There may be small Giants too. And the Giants and Trolls don't get along...


----------



## Feith (Jan 26, 2018)

Well, I'm not sure if this counts "subverted", but in the world I've made for my fantasy series, I have Faeries and Pixies listed to two different beings - though technically, the Pixies are a sub-category of Faeries. I have it so that Faeries are only female, and tend to have lighter, brighter, more cheerful abilities and personalities, while Pixies can be male or female, have shorter hair and sharper features, and tend to have somewhat darker powers. Also, I have two different types of sirens - the mermaid sirens and the bird sirens, modeled after the original Greek sirens. The mermaid sirens are an extremist group of mermaids who hate humans for polluting their waters and use their voices to drown as many as possible. The bird sirens are shifters who can switch between human and bird forms, but don't specifically belong to either species, and use their songs for their own amusement. They are neither good nor bad, but have been known to enchant any human males they find interesting.


----------



## Insolent Lad (Feb 16, 2018)

For better or worse, I have attempted to provide 'logical' explanations for very unlikely creatures of myth. Griffons, e.g. are a large primitive (closer to the dinosaur roots) bird with a lion-like ruff, but are definitely NOT part lion. I've done similar stuff with the the mantichore and such. Similarly for human-like creatures, I've tried to fit them into our evolutionary family tree. And anything human-ish is going to be like us, neither innately good nor evil, and with similar motivations.


----------



## Orc Knight (Feb 16, 2018)

Might actually throw in just some of the subverting I've done. Though I will play with most things in Fantasy anyways.

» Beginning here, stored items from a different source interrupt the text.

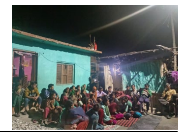
Study team members
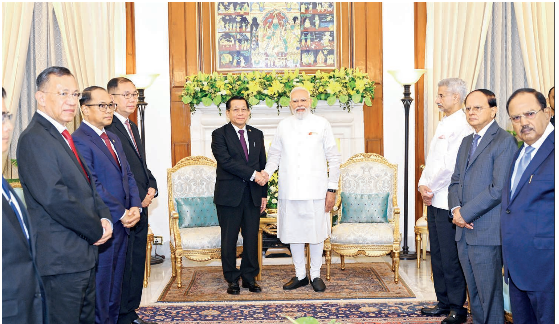
President of the Republic of the Union of Myanmar U Min Aung Hlaing and Prime Minister of India Shri Narendra Modi exchange handshakes during their meeting at Hyderabad House in New Delhi, India, yesterday.

Myanmar and India pledged to strengthen bilateral cooperation across key sectors, including education, healthcare, defence, trade, investment, tourism, and cultural exchange.
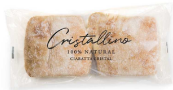
67322 Cristallino Ciabatta (28px2u)
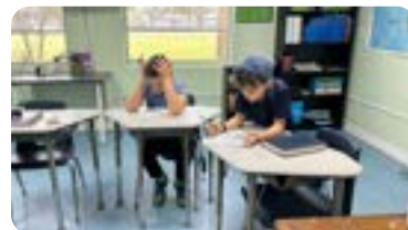
4th grade working on their English assignments!
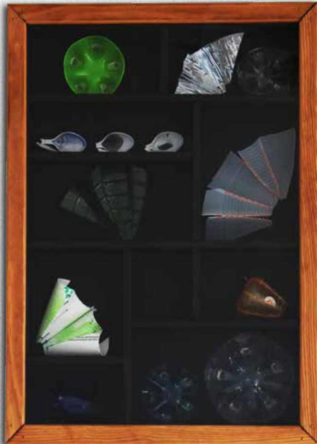
Treasures (I), 2017 Plastic waste 45 x 32,5 cm (incl. frame) 18 000 SEK / €1 800

All the Fea and Greenskin sorts are descended from nature spirits like dryads and nymphs and sylvan, though played with by the gods a little.
Griffons are the above's natural predators and humanity actually uses them (insomuch as one can use them, they'll eat their riders too if they get the chance) for their air force and some knightly classes. They are also sapient and realize what's going on, but stick with the humans for the most part.
I did a whole post on how my drow are different and my wood elves are extremely predatory and start most the wars. The ones the drow didn't start.
Dragons and humans came about at around the same time, making Eld's dragons one of the less powerful forces of the lands and likely to be pressed into slavery or service to the likes of elves or even humans. Their counter is Dragon Cults to gain power. Or at least a fair few of them. It's that or service or food, the latter of which the Cult dragons often end up as.
Orc's would prefer farming, but will fight for their lands and homes. Trolls have some of the best libraries and architecture about. Goblins run the gamut and are usually found in service to the above. Ogre's are some of the best cooks around and it's not usually human flesh they're cooking. Also polite and semi-nomadic.


----------



## Yora (Feb 28, 2018)

I'd say what I am doing with goblins would count. They are some kind of mishmash combined with gnomes and halflings and turned into a kind of stoic fey race. They are reservedly polite and very averse of confrontations, but will come back later at night with a lot of friends to take back whatever they have been pressured to give up or promise by bigger people.
They are not normally hostile but you never want to piss them off and they have absolutely no hint of any inclination to fight fair with anyone bigger and stronger than themselves.


----------



## Ruru (Mar 1, 2018)

I only have a couple that feature prominently. The much younger version of my story included flying horses. Over time practicality has caught up, and what I've ended up with is a meat eating creature with clawed feet and a membranous wing with large feathers at the outer tip for glide control. I guess dragon meets horse? They are no bigger than a small horse, and compact to allow for aerial acrobatic territory displays.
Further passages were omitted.